» **Record set**:
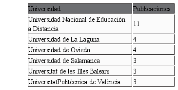 Las universidades afiliadas a los autores de las publicaciones analizadas suman 40, de ellas 35 son españolas y cinco extranjeras. En cuanto a las que tienen mayor número de publicaciones están la Universidad Nacional de Educación a Distancia, con 11 publicaciones; seguida de las universidades de La Laguna y Oviedo, con cuatro cada una; y las de Salamanca, Islas Baleares, y Politécnica de Valencia, con tres.
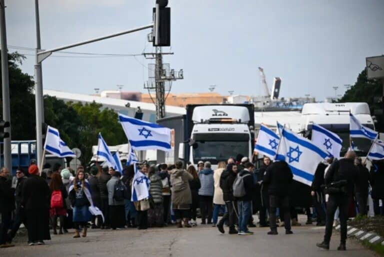O piquete fascista impediu que 132 caminhões adentrassem a Faixa de Gaza, o exército declarou que o local é de acesso proibido, mas está deixando os piquetes aconteceram há semanas
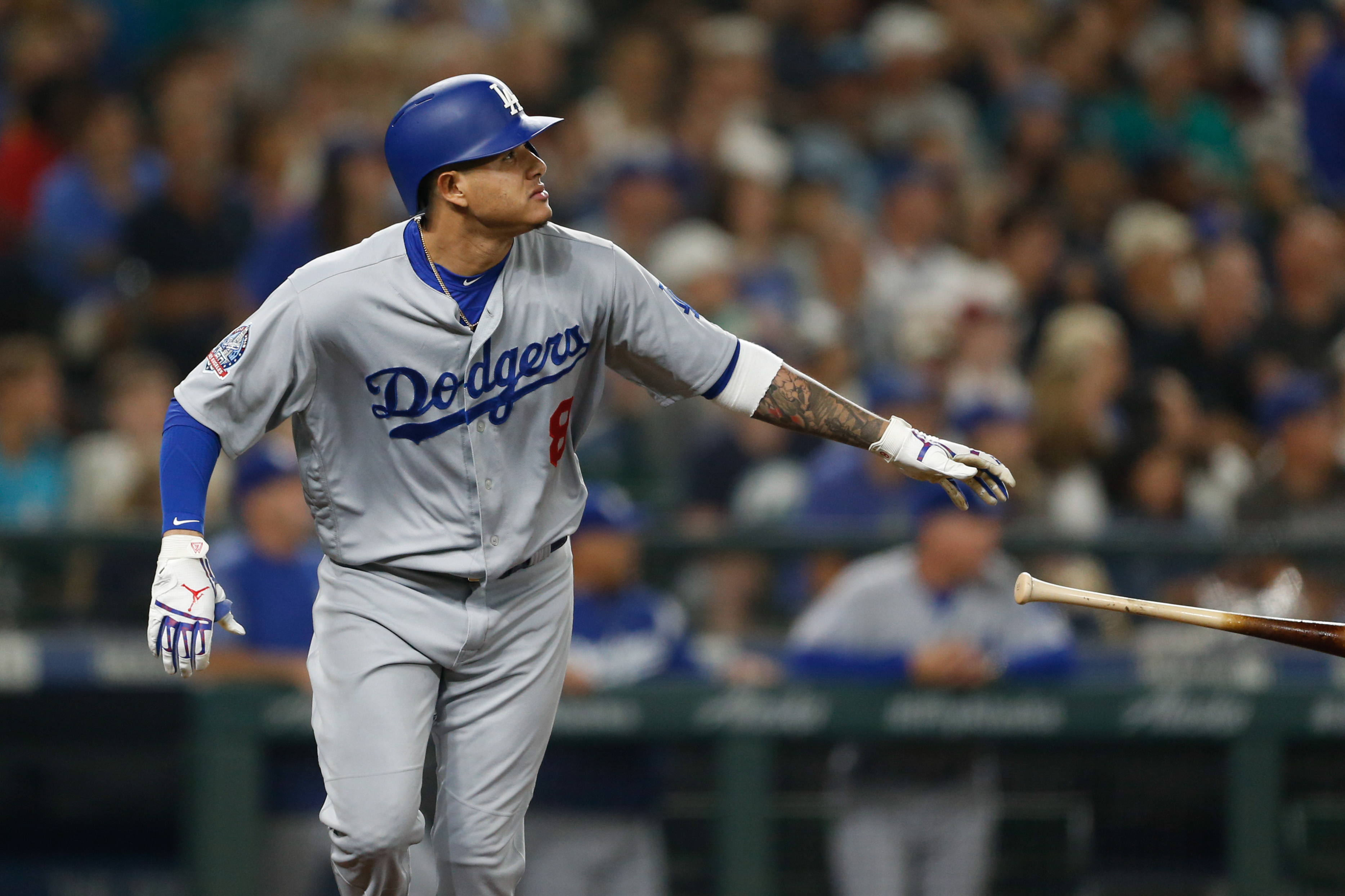 Aug 17, 2018; Seattle, WA, USA; Los Angeles Dodgers shortstop Manny Machado (8) tosses his bat after hitting a home run against the Seattle Mariners at Safeco Field. Mandatory Credit: Jennifer Buchanan-USA TODAY Sports / Jennifer Buchanan
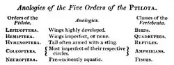 Innym aspektem tego systemu było wyodrębnianie analogii wśród różnych grup (Swainson, 1835)[4]:
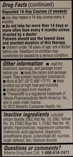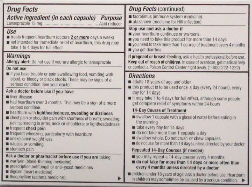 Studio : Rugby Laboratories Publisher : Rugby Laboratories Binding : Health and Beauty Product Description Count ?126 ?ea. Treats frequent heartburn Clinically proven Pharmacist recommended Clinically proven pharmacist recommended* Three 14-day courses of treatment Adults 18 years of age and older:? This product is to be used once a day (every 24 hours), every day for 14 days.? It may take 1 to 4 days for full effect, although some people get complete relief of symptoms within 24 hours.? 14-day course of treatment.? Swallow 1 capsule with a glass of water before eating in the morning.? Take every day for 14 days.? Do not take more than 1 capsule a day.? Swallow whole.? Do not crush or chew capsules.? Do not use for more than 14 days unless directed by your doctor.? Repeated 14-day courses (if needed).? You may repeat a 14-day course every 4 months.? Do not take for more than 14 days or more often than every 4 months unless directed by a doctor.? Children under 18 years of age:? Ask a doctor before use.? Heartburn in children may sometimes be caused by a serious condition.? Read the directions, warnings and package insert before use.? Keep the carton and package insert.? They contain important information.? Store at 20°-25°C (68°-77°F).? Keep product out of high heat and humidity.? Protect product from moisture. Active Ingredients: Lansoprazole USP15 mg 0
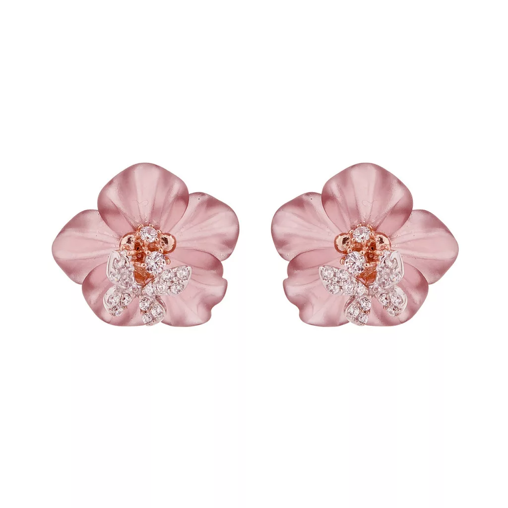 Egyedi, kézzel készült, rozé ranyozott ezüst (925 sterling) fülbevaló. Cirkónia és rózsakvarc díszítéssel, certificate-tel.
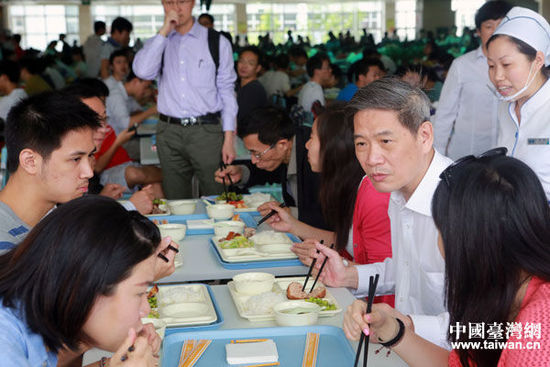 中国台湾网5月16日杭州消息 15日中午,浙江大学能够容纳1万人同时就餐的食堂挤满了刚刚下课前来打饭的学生。正在浙江调研的中共中央台办、国务院台办主任张志军赶到这里,与在浙大就读的台湾学生一起排队打饭,聊天餐叙。
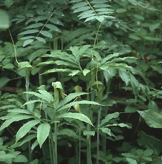 Arisaema serratum Number 25 50 100 500 1,000Zones 5-9 Fall 2003 US$163 US$300 US$550 N/A N/ATall, vigorous wide-spread Asian species with green or purplish- brown striped flowers held above two leaves with many leaflets. Sometimes more than 3' tall. Dependable, stately garden plant. Early to mid-season bloomer.
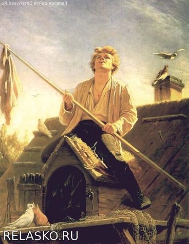 На картине Василия Перова “Голубятня” изображен молодой человек – голубятник, он находиться на крыше, и занимается со своими питомцами, на его лице можно точно прочесть черты счастья, что вполне объяснимо.
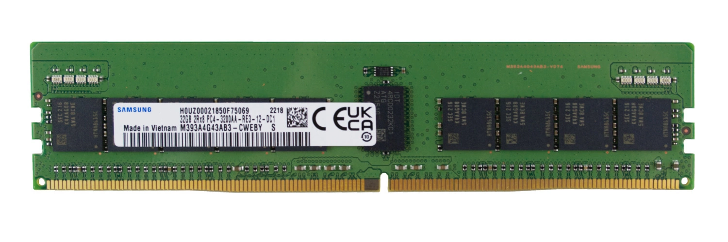 - RAM-geheugenkit 32 GB bestaat uit 1x 32GB 2Rx8 PC4-25600 DDR4 3200MHz 1.2 V ECC REGISTERED | M393A4G43AB3-CWE
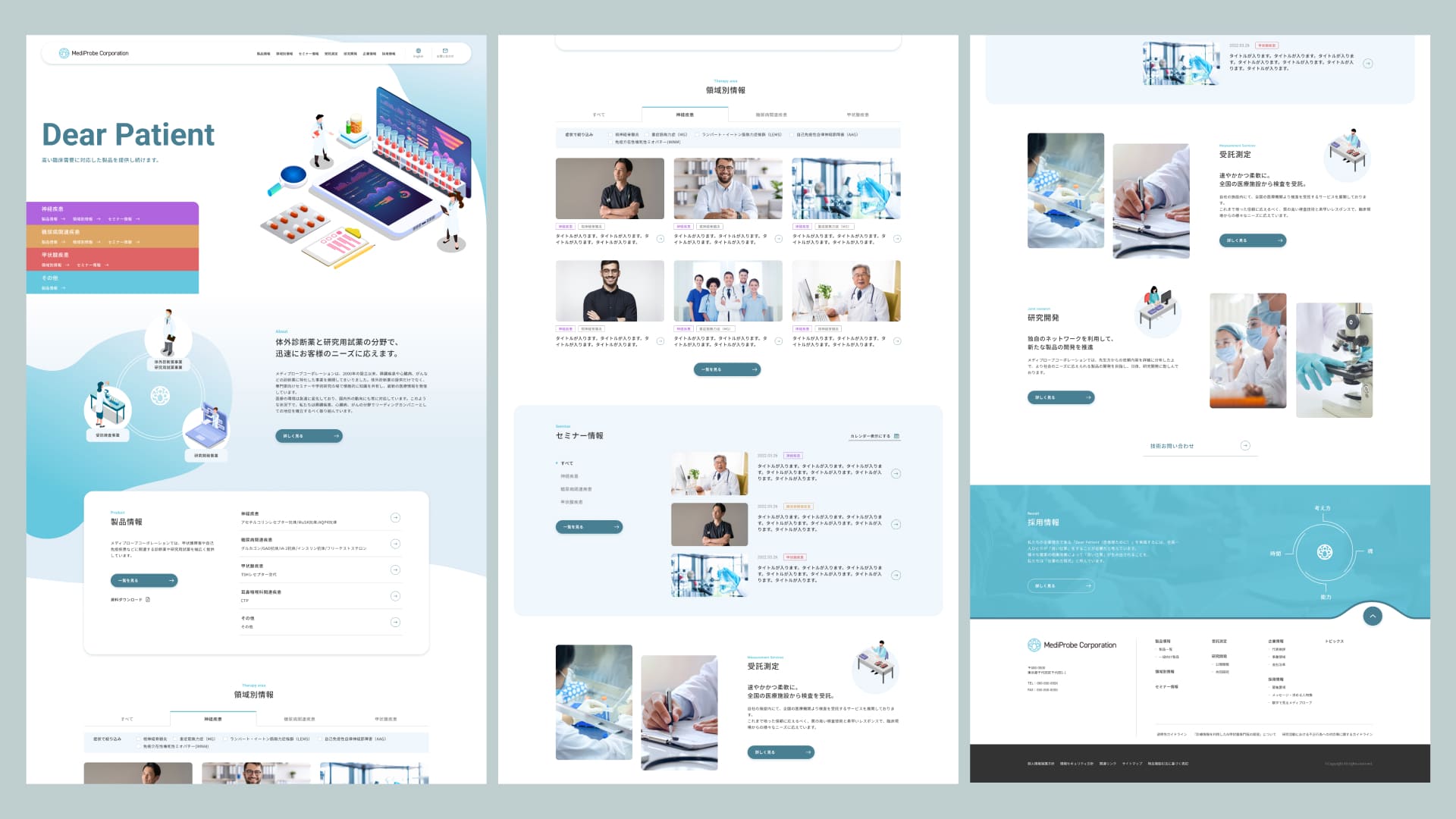 医療従事者に向けた疾患の判別に関する情報発信サイトとコーポレートの2面性をもつサイトとして設定し、そちらの提案としてWebサイトのアートディレクションとデザインを行いました。
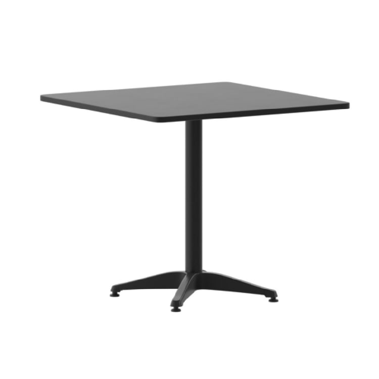 Flash Furniture TLH-053-3-BK-GG Mellie Table 31-1/2"W X 31-1/2"D X 27-1/2"H Square is an expertly crafted piece designed to cater to both commercial and residential needs. Its smooth stainless steel top combined with a sturdy aluminum column and base offers a sleek yet robust structure, ensuring durability and style. The table's dimensions - 31-1/2"W x 31-1/2"D x 27-1/2"H - make it a versatile choice for a variety of spaces and uses. Lightweight and fitted with plastic floor glides, it is easy to move and rearrange, minimizing floor damage and enhancing versatility. The Mellie Table is suitable for both indoor and outdoor settings, making it a practical choice for cafes, restaurants, or home dining areas. Its sleek black finish complements a wide range of decor styles, while assembly is required for setup. In-stock items are typically shipped within 24 hours, ensuring quick delivery for those in need of immediate solutions. This table's durable construction and adaptable design highlight its unique value across different market segments, including hospitality, retail, and home use, offering a blend of functionality and aesthetic appeal.
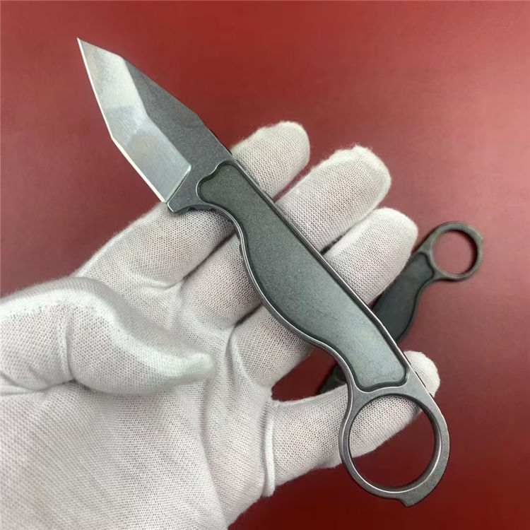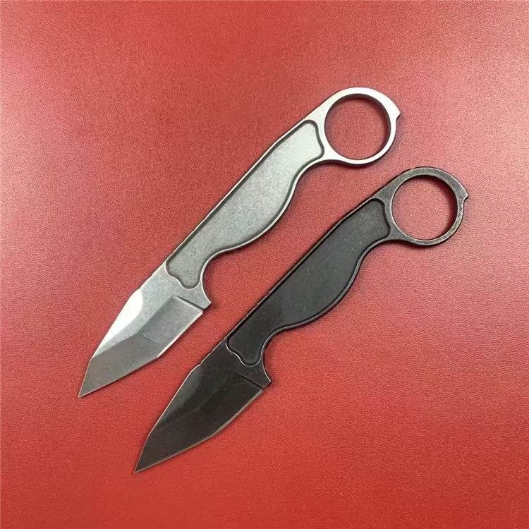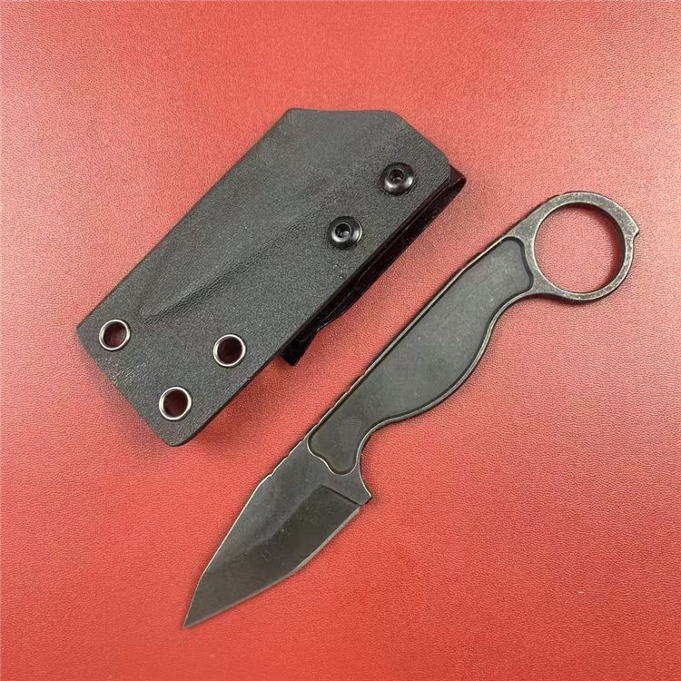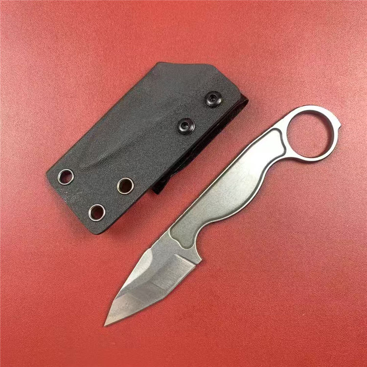 工具战术手刺刀 总长:16.5cm 刃长:5.7cm 刃宽:2.5cm 刃厚:4mm 刃材:8cR13Mvo 硬度:59-60HRC 重量:88g(含鞘) 工艺:石洗,CNC电脑锣精密加工制作

» **Assignment**:
Output only the stretch above from the line with "O piquete fascista" through the line with "Innym aspektem tego", reproduced exactly. Exclude pictures.

» **Result of the exercise**:
O piquete fascista impediu que 132 caminhões adentrassem a Faixa de Gaza, o exército declarou que o local é de acesso proibido, mas está deixando os piquetes aconteceram há semanas
 Aug 17, 2018; Seattle, WA, USA; Los Angeles Dodgers shortstop Manny Machado (8) tosses his bat after hitting a home run against the Seattle Mariners at Safeco Field. Mandatory Credit: Jennifer Buchanan-USA TODAY Sports / Jennifer Buchanan
 Innym aspektem tego systemu było wyodrębnianie analogii wśród różnych grup (Swainson, 1835)[4]:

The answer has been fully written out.